Detailed chemical kinetics model for supercritical water oxidation of C 1 compounds and H 2

Abstract

A detailed chemical kinetics model comprising 148 reversible elementory reactions for the supercritical water oxidation (SCWO) of methane, methanol, carbon monoxide and hydrogen was developed. Rate constants were taken from previous critical evaluations.
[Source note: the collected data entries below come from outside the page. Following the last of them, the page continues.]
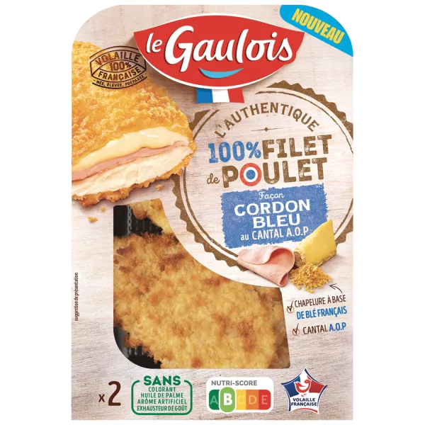 لحم الدجاج المملح: 52٪ (لحم دجاج من فرنسا: 40٪ ، ماء ، ألياف قمح ، دكستروز القمح ، بروتين القمح ، ملح) ، فتات الخبز: 23٪ (دقيق قمح ، خميرة ، ملح) ، كانتال مذابة: 15٪ (كانتال AOP : 10.5٪ ، نشويات معدلة ، زبدة ، ماء ، ملح) ، لحم ديك رومي مطبوخ: 10٪ (لحم ديك رومي من فرنسا: 7٪ ، ماء ، ألياف قمح ، دكستروز ، ملح ، عامل التبلور: كاراجينان ، مضادات الأكسدة: أسكوربات الصوديوم ، نكهة طبيعية ، السلق ، الجزر ، الخميرة). زيت عباد الشمس.
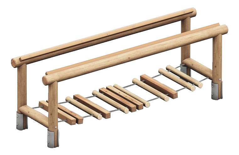 - Modulare Erweiterbarkeit: Als Einzelelement lässt sich die „Indianer-Brücke“ flexibel in bestehende oder geplante Spielanlagen integrieren und erweitern.
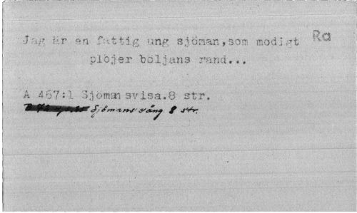 //// kr en fattig ung sjörian»so® modigt plöjer böljans rand... //// A 4 67 il Sjöman sv Isa.8 str. //// 'PiHlM'/' tr+f'»'**»* f r c ////
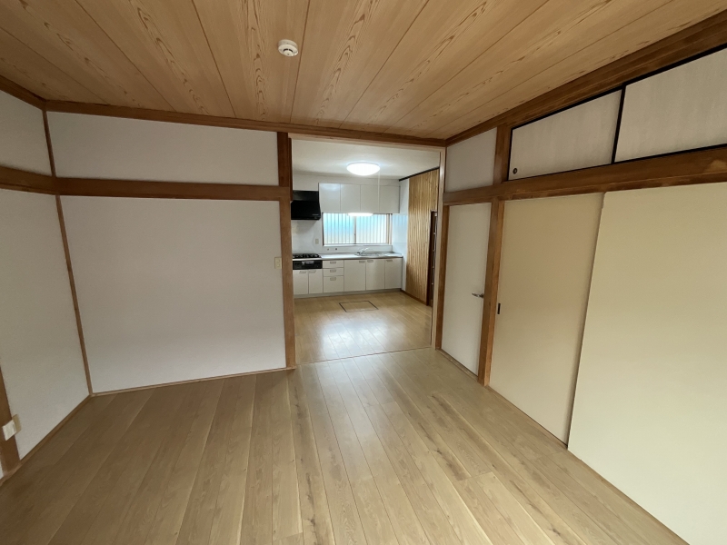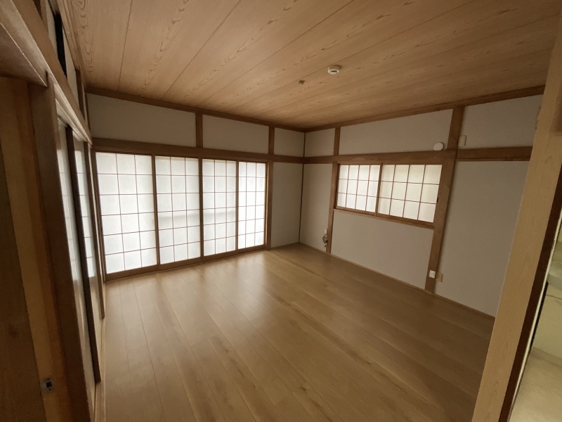 8帖を畳からフローリングに変更し、壁をビニールクロス張りにしました。
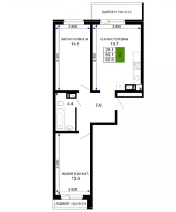 | Площадь, кв.м. | 62.5 |

The Lindemann model, at times modified with a broadening parameter, was used to account for the effects of pressure on the kinetics of unimolecular reactions. Model predictions were compared with published experimental SCWO kinetics data for 450–650°C and 240–250 atm. The model correctly predicted global reaction orders for all four fuels to within their uncertainties. In addition, the model correctly predicted that the global reaction orders for O 2 during methanol and hydrogen oxidation were essentially zero, and that the O 2 concentration had the greatest effect on the methane oxidation rate. The pseudo-first-order rate constants predicted by the model were consistently higher than the experimental values, but the global activation energies were predicted correctly for methane oxidation and for CO and H 2 oxidation at high temperatures. The model's predictions generally became worse as the temperature decreased toward the critical point of water. A sensitivity analysis revealed that fewer than 20 elementaty reactions largely controlled the oxidation kinetics for the compounds studied. Nearly half of these reactions involved HO 2 , which is an important free radical for SCWO. Quantitative agreement with the experimental methane conversions was obtained by adjusting the preexponential factors for three elementary reactions within their uncertainties. It could also be obtained by using the JANAF value (0.5 kcal/mol) for the standard heat of formation of HO 2 , but this value is lower than other recently recommended values.